Your goal
Directions for the data below: repeat exactly the lines from the one with "- 2-MAIN-ROOM HUTCH: This" through the one with "92号汽油:现在约 7.61元/升,预计每升上涨 1.60元,折算下来差不多就是9.21/升;", both included, and omit all pictures.

Task material
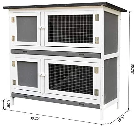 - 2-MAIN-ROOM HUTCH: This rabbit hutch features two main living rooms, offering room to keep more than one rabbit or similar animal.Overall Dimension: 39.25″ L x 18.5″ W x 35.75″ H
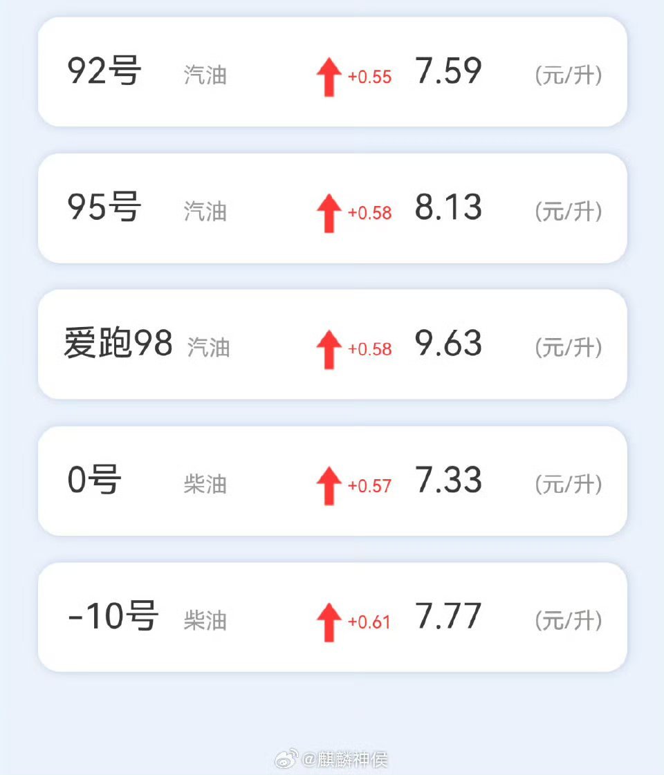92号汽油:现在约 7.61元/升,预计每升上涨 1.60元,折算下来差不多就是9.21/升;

==

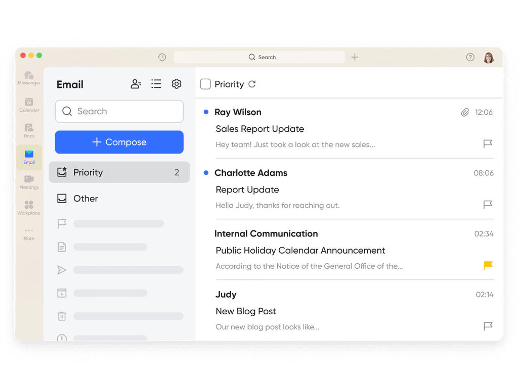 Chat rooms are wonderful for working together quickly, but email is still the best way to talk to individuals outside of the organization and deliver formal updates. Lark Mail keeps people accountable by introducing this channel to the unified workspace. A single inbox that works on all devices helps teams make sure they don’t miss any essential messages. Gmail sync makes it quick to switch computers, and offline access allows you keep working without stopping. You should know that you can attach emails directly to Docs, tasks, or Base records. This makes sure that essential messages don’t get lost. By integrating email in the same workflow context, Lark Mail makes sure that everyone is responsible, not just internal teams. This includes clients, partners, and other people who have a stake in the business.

Output of the task
 - 2-MAIN-ROOM HUTCH: This rabbit hutch features two main living rooms, offering room to keep more than one rabbit or similar animal.Overall Dimension: 39.25″ L x 18.5″ W x 35.75″ H
92号汽油:现在约 7.61元/升,预计每升上涨 1.60元,折算下来差不多就是9.21/升;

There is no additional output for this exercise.